While the use of these advanced EEG analysis approaches has become rapidly mainstream in non-human and adult human neuroscientific research, it is still rare in infant research. This is unfortunate, since they not only have yielded important new insights in adult research and are likely to offer the same potential in infant studies, but they may even provide higher gains in infancy research, which suffers from notoriously low data quality and quantity. It may for instance reduce attrition rates, as experimental designs can be optimized to be highly engaging for infant participants. Rather than presenting hundreds of repetitions of very similar stimuli, which raises the additional challenge of keeping a non-cooperative participant attending to the screen, participants can be presented with constantly changing, engaging videos in which stimuli are embedded.
Importantly, as in adult work, infant brain research has seen an increased interest in the use of naturalistic settings over the past years. Recent research has for instance demonstrated the feasibility of investigating interpersonal neural coupling in adult-infant-interactions (Leong et al., 2017) or the use of oscillatory brain responses in analyzing responses to dynamic social information (Jones, Venema, Lowy, Earl, & Webb, 2015). While dynamic, naturalistic settings and experimental paradigms yield important new insights into how brains behave and interact in real life rather than an abstract laboratory setting, they inherently pose the additional challenge of hard-to-predict and highly variant sensory input. Being able to directly relate a constantly changing input to ongoing brain responses would therefore also be crucial for the analysis of state-of-the-art ecologically valid experimental designs.
One particularly promising approach to do so is the use of multivariate temporal response functions (mTRFs), which offer a mathematically simple way to link ongoing, continuous environmental signals to simultaneously recorded brain responses. In adults, mTRFs have successfully been used to track the processing of ongoing speech (e.g., Fiedler et al., 2019) as well as ongoing and naturalistic visual input (O’Sullivan, Crosse, Di Liberto, & Lalor, 2017). Furthermore, Kalashnikova et al. (2018) used mTRFs in infants to analyze the processing of ongoing auditory speech signals, reporting a stronger cortical tracking for infant-directed compared to adult-directed speech (Kalashnikova, Peter, Di Liberto, Lalor, & Burnham, 2018).
We here demonstrate the feasibility and utility of a forward encoding modelling combined with non-repetitive complex multisensory stimulation in an infant population. We presented 7-month-old infants with a 4’48’’ long age-appropriate cartoon (one episode of the cartoon-show Peppa Pig) while recording the EEG. We focused our analysis on the processing of three low-level physical stimulus parameters; the auditory envelope, the motion content, and luminance. All three parameters have been amply investigated in both infants and adults and are known to elicit reliable ERP responses.
The auditory ERP response typically consists of a frontocentral P1–N1–P2–N2 sequence of responses, which can be clearly observed in adults and emerges in infancy and early childhood (see e.g., Wunderlich & Cone-Wesson, 2006, for a review). Compared to adults, infants tend to show a much less pronounced P1–N1 response, and the overall response is dominated by a broad P2 response (Wunderlich, Cone-Wesson, & Shepherd, 2006).

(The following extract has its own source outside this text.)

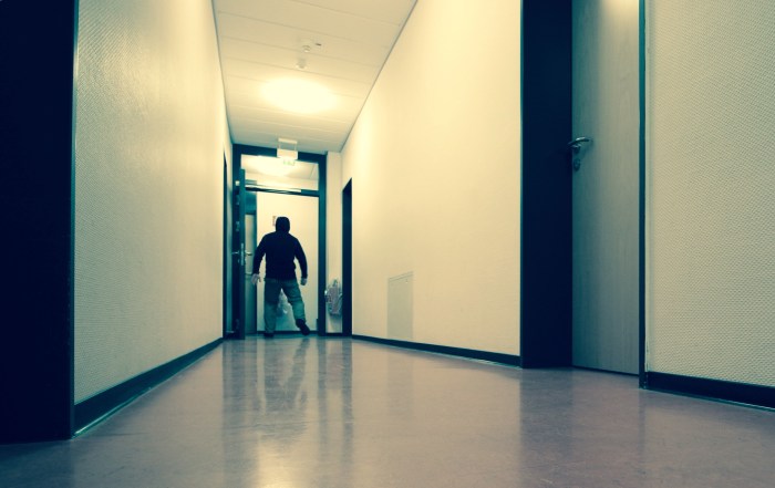 Doch wie das in verlassenen Häuser ist, machen alle Wände hier Geräusche. Wenn sich die Bewegungsmelder ein und ausschalten, knackt es unterm Dach. Überhaupt Bewegungsmelder: haben sich schon irgendwann einmal Geister und Irrsinnige im Blutrausch von Bewegungsmeldern beeindrucken lassen? Wahrscheinlich haben die Irren die Bewegungsmelder erfunden, um die Normalen in Sicherheit zu wiegen.
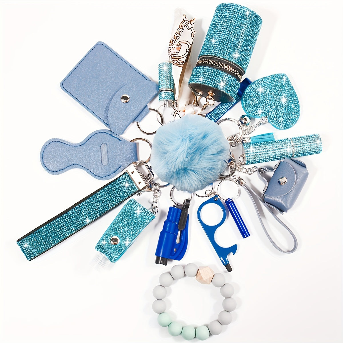 Set of 15 Rhinestone Safety Keychains with Wristlet, Pouch, Pom Pom Card Holder and Accessories

The infant visual ERP to complex stimuli such as objects and faces comprises three main components; the Pb, the Nc, and the Slow Wave (Webb, Long, & Nelson, 2005). In particular, the Nc response, a frontocentral negativity typically observed between 400 and 800 ms after stimulus onset often linked to the allocation of attention has been amply investigated (de Haan, Johnson, & Halit, 2003; Reynolds & Guy, 2012).

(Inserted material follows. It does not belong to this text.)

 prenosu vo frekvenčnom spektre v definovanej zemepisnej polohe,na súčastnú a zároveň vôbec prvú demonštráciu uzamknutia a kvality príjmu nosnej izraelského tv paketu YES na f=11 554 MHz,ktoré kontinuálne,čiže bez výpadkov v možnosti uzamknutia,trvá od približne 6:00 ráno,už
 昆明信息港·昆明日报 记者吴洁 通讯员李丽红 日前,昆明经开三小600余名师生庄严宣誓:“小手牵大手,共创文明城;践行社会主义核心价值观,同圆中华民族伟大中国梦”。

If we were successful in estimating auditory and visual brain responses using a forward encoding model approach, we expect response functions comparable to classical evoked brain responses. Furthermore, since the combined use of auditory and visual regressors provides more information compared to the use of either regressor alone, we expected a more consistent and reliable response function when using auditory and visual regressors in one model.

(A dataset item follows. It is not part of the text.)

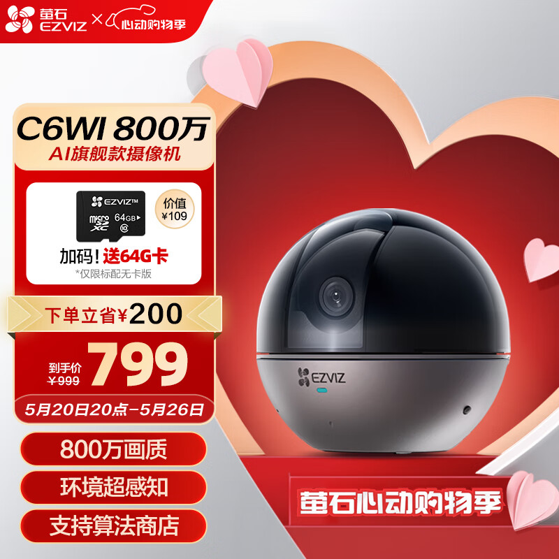 萤石(EZVIZ)C6WI智能4K超高像素 无线云台家用监控手机摄像头800万超清 婴儿看护器 内置8G存储价格:799.00元!

Finally, while it is common in adult studies using mTRFs to compute individual response functions based on a subset of the available data, due to the limited amount of data available in the infant cohort we aimed to explore the potential benefit from relying on a “generic” response function (Di Liberto & Lalor, 2017), that is, an average response function computed across participants. Hence, we computed an averaged response function over n−1 participants and used this response function to model responses in the nth participant (i.e. leave-one-out cross validation). We directly contrasted results obtained with these two approaches on the present data set.
Methods
Infant participants
Fifty-two 7-month-old infants were included in the final sample (age: 213 ± 8 days [mean ± standard deviation (SD)]; range: 200-225, 24 female). Not untypical for infant studies (Stets, Stahl, & Reid, 2012), an additional 39 infants had been tested but could not be included in the final sample. Note also that directly prior to the experiment reported here, infants had already participated in a 5–10-minute-long ERP experiment on visual emotion perception (see below), further contributing to the drop-out rate since infants often became fussy or tired after the first experiment. In detail, infants were excluded because they did not watch the complete video (n=24); were too fussy to watch the video at all (n=10); did not contribute at least 100 s of artifact-free data (n=3); had potential neurological problems (n=1); or because of technical problems during the recording (n=1).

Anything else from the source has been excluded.